═══ DATA BELOW ═══

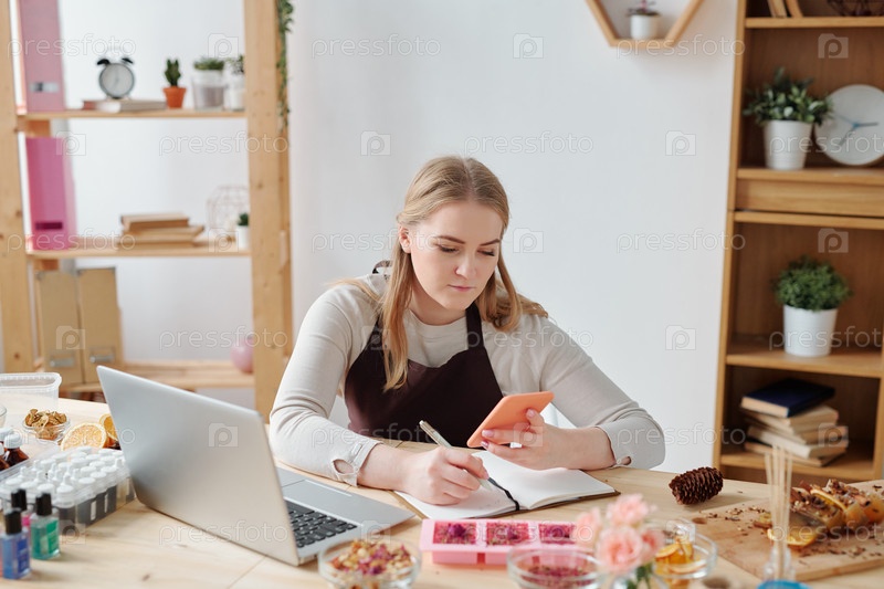 Загруженная молодая женщина со смартфоном прокручивает новые заказы клиентов
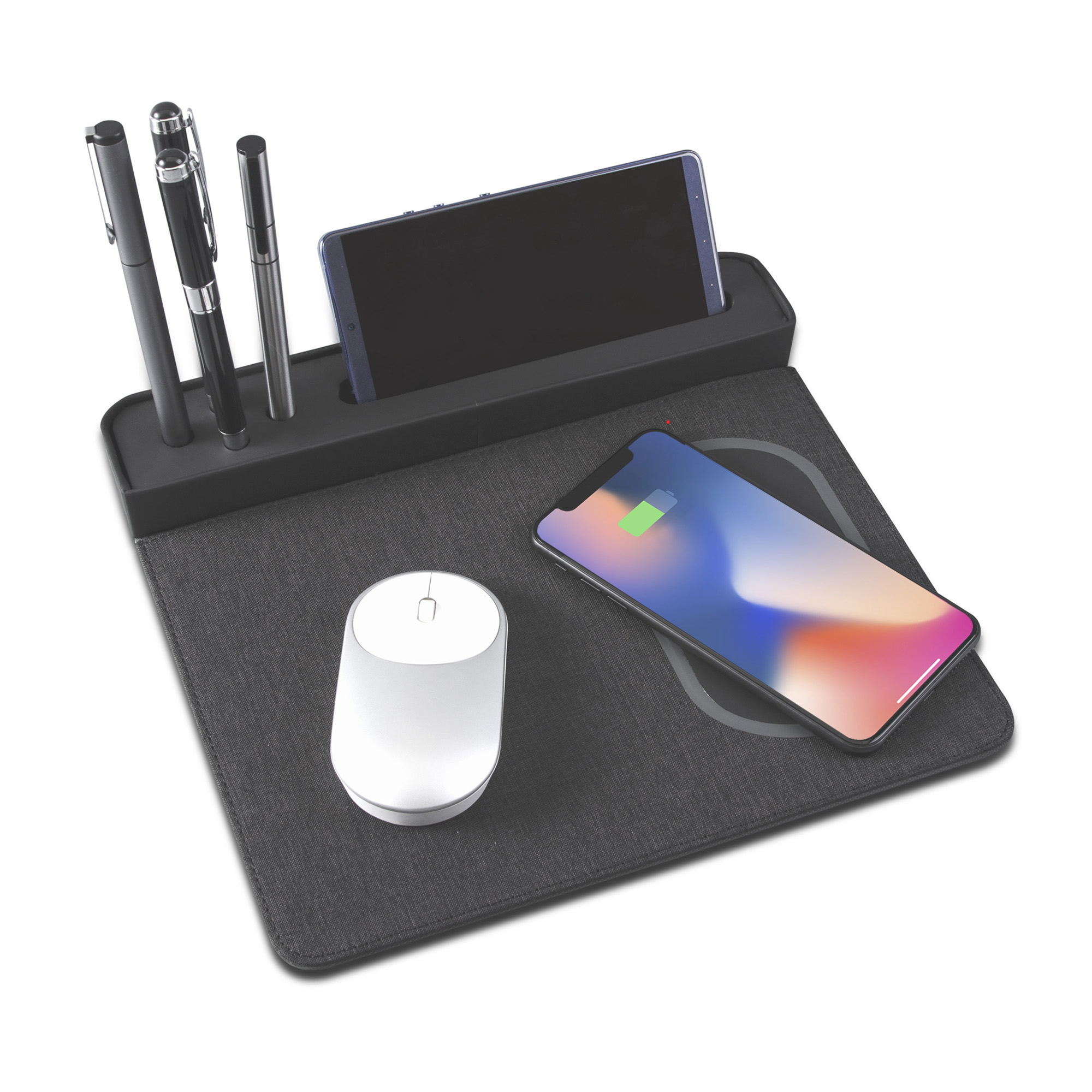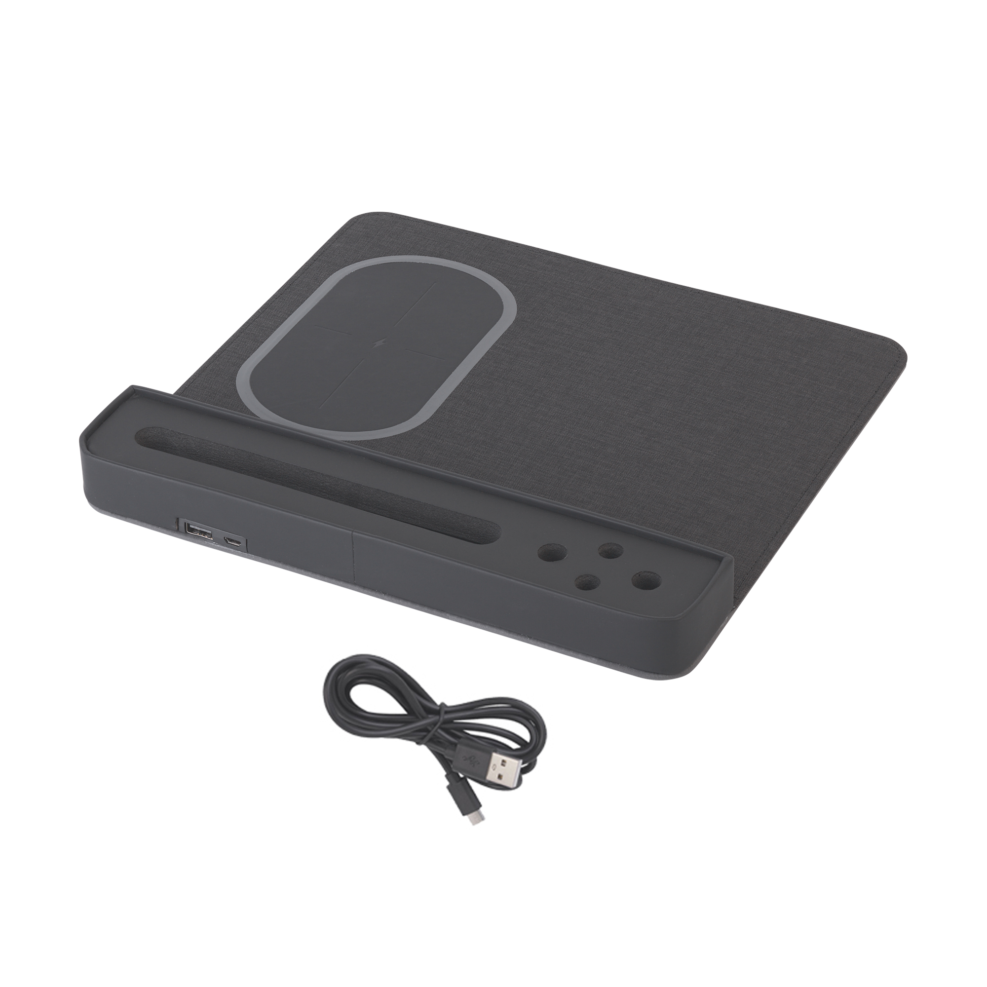 Настольная подставка 7420 - отличный организатор рабочего пространства, позволяет держать все необходимое под рукой, сочетает в себе функции коврика для мыши и зарядного устройства. Встроенное беспроводное зарядное устройство получает питание через провод USB/microUSB 150 см, который идет в комплекте. При наличии питания световой индикатор отображает статус зарядки: красный - ожидание подключения на беспроводном модуле, синий - идет зарядка через Qi-интерфейс. Подходит для всех беспроводных устройств Qi-стандарта. Данная технология является универсальной, её используют производители смартфонов, работающих на платформе android и iOS. В характеристиках устройства должна быть обозначена поддержка беспроводной зарядки.
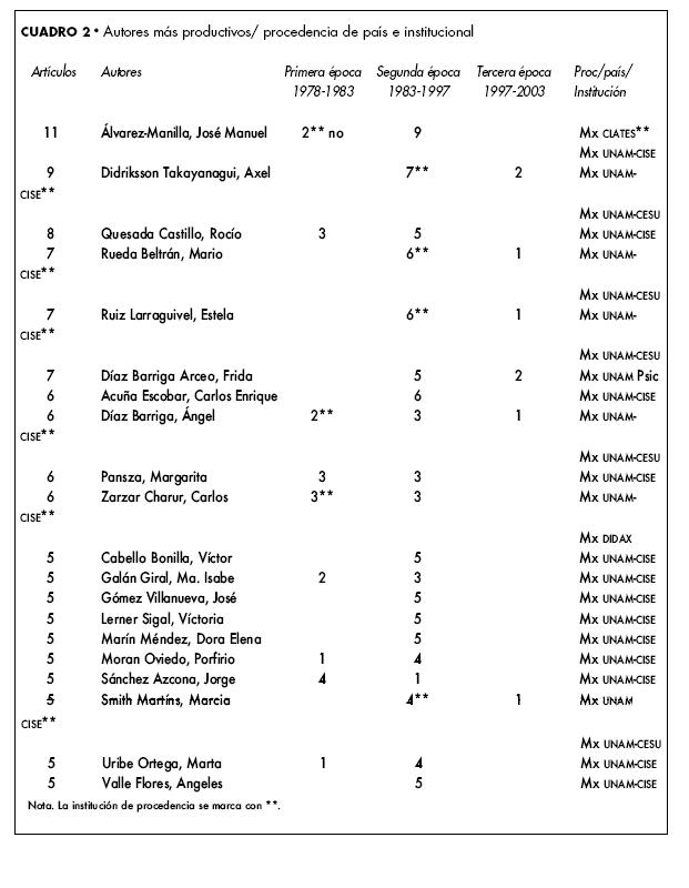 En el cuadro 2 se reportan los autores cuyas contribuciones corresponden a más de cinco artículos, todos ellos, con excepción de Frida Díaz Barriga, fueron en su momento investigadores del CISE y algunos siguen formando parte de los académicos del CESU.

═══

▶ WHAT TO DO
Reproduce the material in its entirety and word for word, without the pictures.

▶ SOLUTION FOR THIS EXERCISE
 Загруженная молодая женщина со смартфоном прокручивает новые заказы клиентов
 Настольная подставка 7420 - отличный организатор рабочего пространства, позволяет держать все необходимое под рукой, сочетает в себе функции коврика для мыши и зарядного устройства. Встроенное беспроводное зарядное устройство получает питание через провод USB/microUSB 150 см, который идет в комплекте. При наличии питания световой индикатор отображает статус зарядки: красный - ожидание подключения на беспроводном модуле, синий - идет зарядка через Qi-интерфейс. Подходит для всех беспроводных устройств Qi-стандарта. Данная технология является универсальной, её используют производители смартфонов, работающих на платформе android и iOS. В характеристиках устройства должна быть обозначена поддержка беспроводной зарядки.
 En el cuadro 2 se reportan los autores cuyas contribuciones corresponden a más de cinco artículos, todos ellos, con excepción de Frida Díaz Barriga, fueron en su momento investigadores del CISE y algunos siguen formando parte de los académicos del CESU.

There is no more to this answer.